In jeder romantisierenden Geschichte über das rural geprägte Deutschland kommt er vor: der Tante-Emma-Laden, jenes "Synonym für eine (noch) intakte persönliche Beziehung und Dienstleistungsbereitschaft zwischen dem lokalen Händler und seinen Kunden". Im Zuge der Discounterisierung & Anonymisierung verschwanden dann die Tante Emmas, was allerdings die Voraussetzung dafür war, dass ihr Name in Kulturszenen und alternative Projekte eingehen konnten (vgl. Tante Emma Café). Udo Jürgens besingt nostalgisch und poetisch die früheren Tage und konstruiert damit eine Wirklichkeit zwischen Kolonialwaren und Klatsch&Tratsch, nach der wir uns nicht wirklich zurück sehnen sollten, finde ich. Dass vor allen Dingen Mitglieder globalisierungskritischer Kreise sich nach der guten alten Tante zurücksehnen, muss erstaunen, denn werden hier nicht nur schiefe Geschlechterkonstruktionen Emmas als lieber netter alten Frau, die immer Zeit hat, lieb zu den kleinen Kindern ist aber in einem sehr prekären Arbeitsverhältnis verortet ist, manifestiert, auch war hier einer der zentralen Orte des Verkaufes von Produkten aus den Kolonien.

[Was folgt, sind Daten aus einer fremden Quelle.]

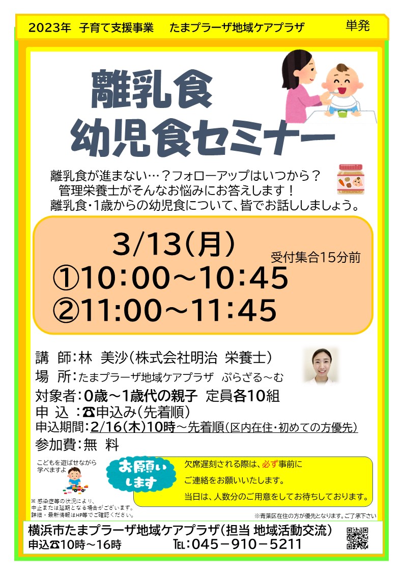 【3/13㈪離乳食幼児食セミナー】申込受付本日より開始。申込先着順です。お待ちしております #たまプラーザ #離乳食 #幼児食001
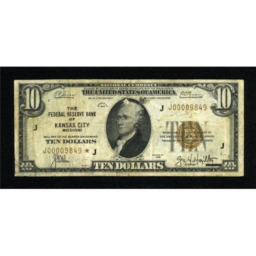 <B>Fr. 1860-J* $10 1929 Federal Reserve Bank Note. Very Good+.</B></I><BR> A few spots and a skin are seen on this Kansas City replacement note.<BR><BR><b>Shipping:</b> Coins & Currency (<a target="_blank" href="http://www.heritageauctions.com/common/shipping.php">view shipping information</a>)
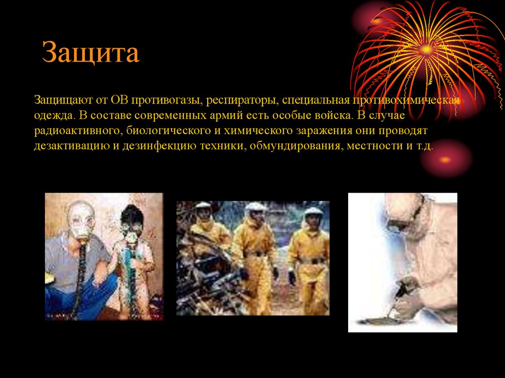 ЗащитаЗащищают от ОВ противогазы, респираторы, специальная противохимическая
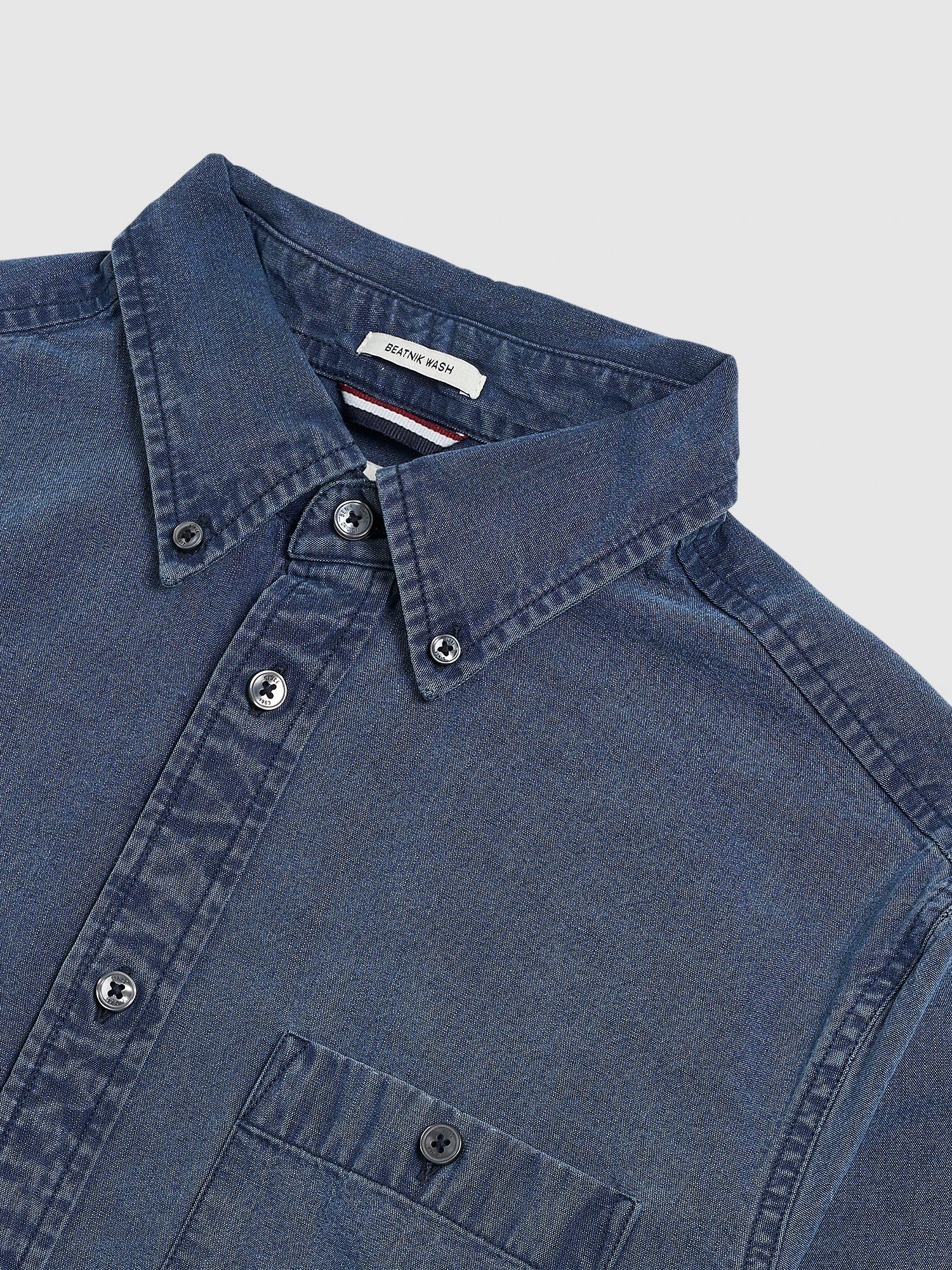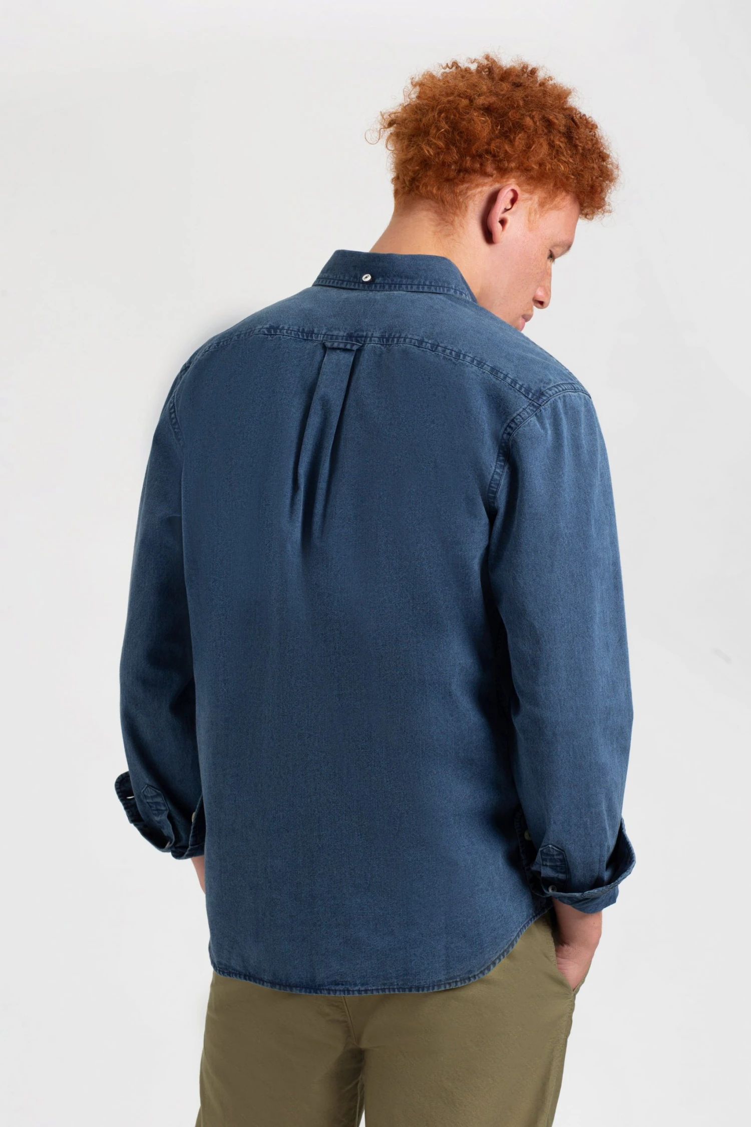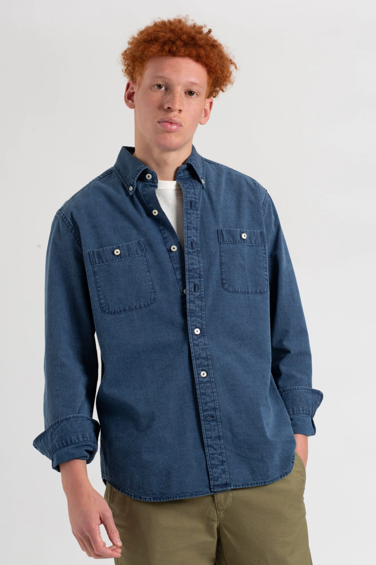 This shirt is cut from a mid-weight denim and is styled with double workwear pockets.
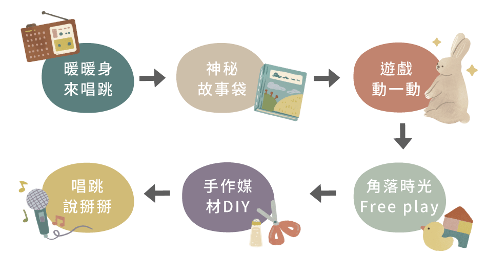 一起身體動一動、暖暖身跳個舞吧!聽最喜歡的繪本故事,接著依繪本故事延伸玩遊戲、自由探索的時光、用不同的媒材DIY創作,最後一起整理環境,跳舞說再見囉!
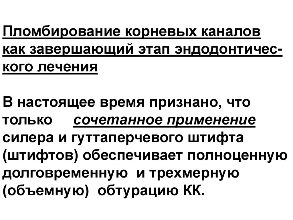 Современные методы пломбирования ККоснованы на применении твердеющих паст
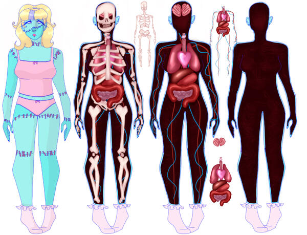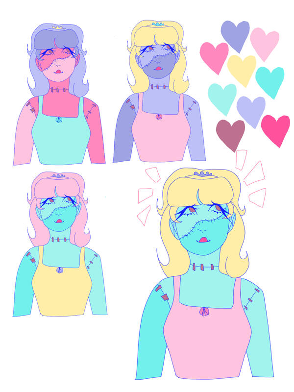 Trying out different colours for the franken-girl. I eventually decided on a mash-up of almost all of them.
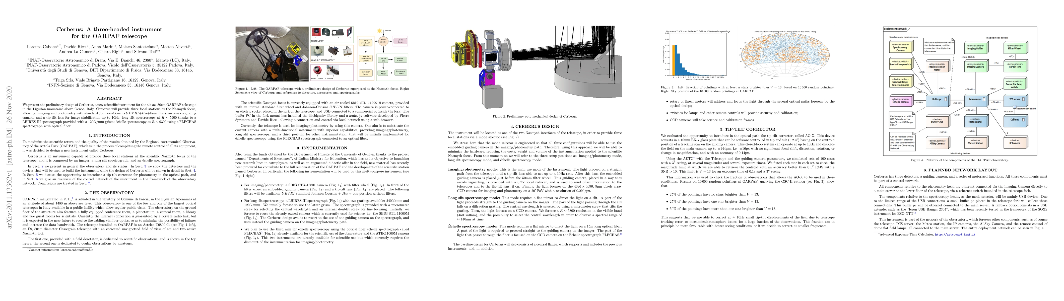 Cerberus is a new scientific instrument for the OARPAF telescope in Italy, featuring three focal stations for imaging, photometry, guiding, and spectroscopy, including a high-resolution spectrograph for detailed astronomical observations.

Heute boomt im sich postkolonial selbstkonzipierenden Deutschland Fair Trade und Öko, und dennoch (oder gerade deswegen) besingen seit geraumer Zeit Der Spiegel und FAZ und DW das Comeback der Tante Emma Läden als die Rückeroberung von Herzlichkeit und Atmosphäre. Wer mehr Persönlichkeit in seinem Single-Leben haben will, der muss an dieser Re-Traditionalisierung partizipieren, scheint es.
Doch diese Mainstream-Diskurse verschleiern, wie es wirklich bestellt ist um die alternative Discounter-Szenerie in Deutschland, ja sie unterschätzen das Potential der türkischen Lebensmittelläden. Der Tagesspiegel spricht von einer Transformation der Tante-Emma in Onkel-Ahmed-Läden. Diese müssen nicht romantisiert werden, was ein Blick auf Löhne und Arbeitszeiten verdeutlicht, doch als volkswirtschaftlicher Faktor dürfen sie ebenso erkannt wie als Synonym der deutschen (urbanen) Gesellschaft 2010 anerkannt werden.